Central Maine Power traces its origins to 1899, when engineer William Wyman and a partner hooked up a tiny hydro generator to serve 100 customers in Oakland. Today, CMP distributes power to 600,000 customers but generates no electricity. It has evolved into a small subsidiary of Iberdrola S.A., a worldwide energy company headquartered in a 40-story office building in Bilbao, Spain.
CMP’s detractors lament the lack of local control and the foreign ownership inherent in this corporate structure, but it’s part of an almost 20-year-old trend tied to the restructuring of the region’s electric industry.
For instance: Directors of Bangor Hydro Electric Co. voted in 2001 to sell the company to Emera, a Halifax, Nova Scotia-based diversified energy company. Nine years later, directors of Aroostook County’s leading utility, Maine Public Service, followed suit and became Canadian-owned. In 2013, both local names were dropped in favor of Emera Maine.
Beginning in 2000, National Grid, which is based in the United Kingdom, began buying electric and gas companies in the Northeast. It now owns utilities that serve 20 million people in Massachusetts, Rhode Island and New York.
NEW OWNERSHIP, NEW LOGO
CMP also was an investor-owned company with publicly traded stock until 2000. That’s when its directors voted to sell the Augusta-based utility to New York State Gas & Electric. The sale resulted in a holding company called Energy East.
In 2008, Iberdrola bought Energy East for $4.6 billion. CMP became a wholly owned subsidiary of Iberdrola USA. Two years later, as part of a new branding campaign, Iberdrola dropped CMP’s familiar Pine Tree logo. The current logo uses a green leaf that the company says represents respect for the environment. Blue and orange drops represent energy resources used by Iberdrola – blue for wind and water, orange for natural gas and the sun.
In 2015, Iberdrola USA bought UIL Holdings, a handful of gas and electric utilities in Connecticut for $3 billion and created a new investor-owned company called Avangrid. The new company reports $31 billion in assets and operates in 24 states. It has two primary divisions, Avangrid Renewables and Avangrid Networks. CMP is part of Networks.
Today, Iberdrola owns roughly 81 percent of the shares of Avangrid common stock.
This ownership has led some critics to decry what they see as foreign control of an American public utility, underscored by the investment of an Arab country.
The Qatar Investment Authority indirectly owns 8.57 percent of Iberdrola’s shares, according to Security and Exchange Commission filings. The authority is the state-owned investment company of that Middle East nation. It has no directors on the Iberdrola or Avangrid boards.

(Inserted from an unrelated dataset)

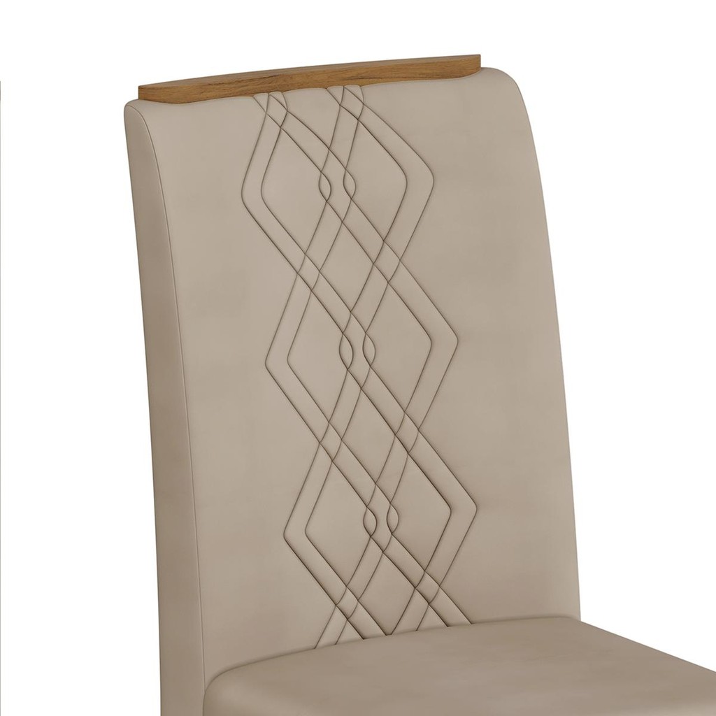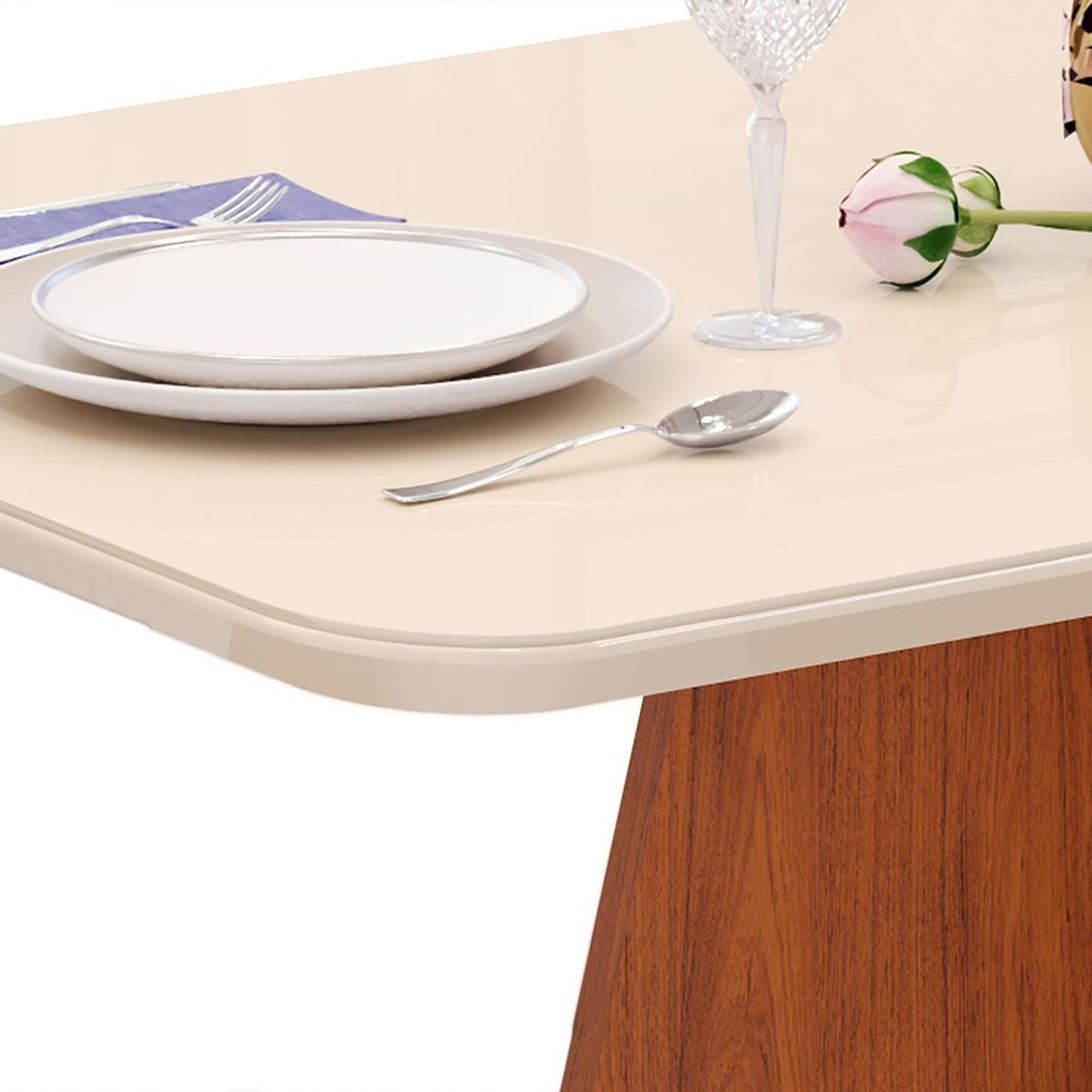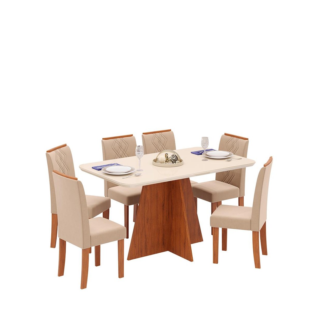 Conjunto Sala de Jantar 6 Cadeiras Tampo de Vidro DJ Móveis Siena Freijó Ayla Veludo Creme

Under U.S. law, any financial interest greater than 10 percent is subject to approval by federal energy regulators. A similar requirement is in place in Maine, requiring approval at the Public Utilities Commission.
TWO MAINERS ON AVANGRID BOARD
Avangrid also has two Mainers serving in board positions, one with a strong background in business and the other in government.
Betsey Timm is an independent, non-executive member of the board of directors. A former president of Bank of America in Maine, she sits in the board’s Audit and Compliance panel.
Also on the board is former Maine Gov. John Baldacci.
Some of CMP’s detractors see a sinister element in the presence of Baldacci, who has an annual compensation of $200,000. They say he was rewarded for supporting CMP’s $1.4 billion transmission system upgrade in 2009, the Maine Power Reliability Program.
Avangrid says Baldacci, who has served on the board since 2014 and now is vice chairman, was selected for his deep experience in government relations and economic development.